Oh, but we’re just getting started. Time travel is, obviously, a tricky business - you don’t want to upset the balance of things, especially that far back. Change one thing in the past, and you could kick off a chain reaction affecting the entire evolution of the planet.

But wait! you say. Isn’t killing an Allosaurus changing the past? Not really, it seems, since they always kill the same Allosaurus in the exact same spot, ensuring that he’ll always land in the tar pit where his bones will be discovered millions of years later. For all this scientific ass-covering the script does, it never bothers to explain how they’re able to land in the exact same point in time on each trip and never meet themselves.

But it does not matter, because that it not the point of the film. You see, on their latest journey, somebody somehow changed something.

At this point, it is safe to assume that when the travelers return to 2055, everything will be different, since the entire stream of time has been altered. But no. “When you change something in the past,” a scientist informs us, “the future isn’t affected right way.” Indeed, the changes come, but only in the form of “time waves,” which hit once a day and cause the real 2055 to slowly but surely transform into the new 2055. Every time the next wave hits (starting and ending where, we never learn), something’s just a little different about Future Chicago. First, it’s the temperature. Then, the plant life. And then the animals. The humans will be the last change, one character decides, so we better get around to fixing time before the last time wave comes around.

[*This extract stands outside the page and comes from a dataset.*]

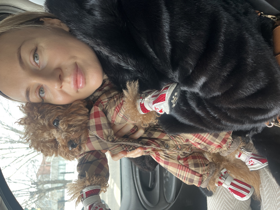 An adult female, positioned in the right foreground, presents a subtle smile towards the camera. She has blonde hair, light eyes, and wears a dark, possibly black, fur coat. A small, reddish-brown curly-haired dog, resembling a Poodle, is held by the female. The dog is clad in a tan, red, and brown plaid full-body suit with faux fur trim, and all four paws are fitted with red and white boots featuring white soles with black paw print patterns. The scene takes place inside the passenger compartment of a vehicle, evidenced by the visible dark interior trim and a door handle on the left. Through the vehicle's window, a blurred outdoor environment in Podolsk, Russia, is visible, characterized by bare trees and light-colored ground, suggesting a winter or early spring setting. A building facade is faintly discernible in the background.
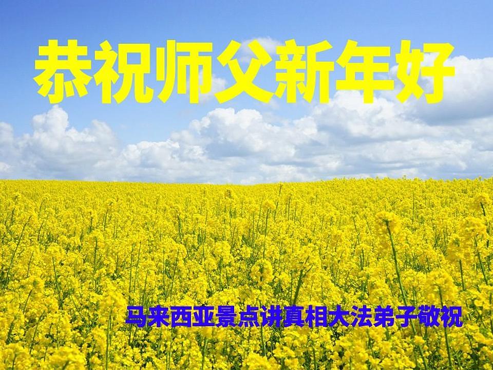 Dafa učenici na turističkim lokacijama za objašnjavanje istine u Maleziji s poštovnjem žele uvaženom Učitelju Sretnu Novu Godinu!

I do not think science works the way they think it works.

Working out the sloppy science in “Thunder” is only the first of its many unintended joys. Another is its wonderful slump in imagination. Sixty-five million years of rewritten evolution, and all the writers can come up with are some poisonous vines, a sea monster straight out of “The Phantom Menace,” and a lethal mix of baboon and dinosaur. A baboonosaur!

And then there’s the issue of the plotline, which is so absent in continuity and logic that it should be given a medal. About halfway through the film, the main characters decide that the best way to fix everything is to send our hero (played by Edward Burns with his usual “I’m not getting paid enough to actually act” screen personality) back in time to meet the time travelers when they arrive on their trip. Tell ’em to turn around, prevent the change, the end. Except, well, no.

Before they do this, the characters must waste a cool half hour of screen time running around the city, trying to find what exactly it was that got changed. They must find the two clients who went on the trip with them and ask them what’s what. Which is completely useless to the plan, since nobody needs to know what got changes, as long as somebody’s there to stop it in the first place.

But no, that would mean we wouldn’t get to see the creepy jungle Future Chicago has become. We wouldn’t have a chance to see the film turned into a dopey horror flick, in which the cast is picked off one by one as they trek across town and back again. And then they find what got changed, and then, apparently, the entire plan is rewritten without informing the audience, for by the time we finally - finally!! - go back in time again, it’s to do something completely different.

Oh, and the special effects are pretty crappy, too.

“A Sound of Thunder” is one of those films that make for a great night with your pals, allowing you to rip apart a movie fiasco from start to finish. It comes ready to bake right out of the box, complete with clumsy overacting, clunky dialogue, hamfisted direction, and general dopiness all around. If you like movies, you will do good to avoid it. But if you like Bad Movies, then catch this one as quickly as possible.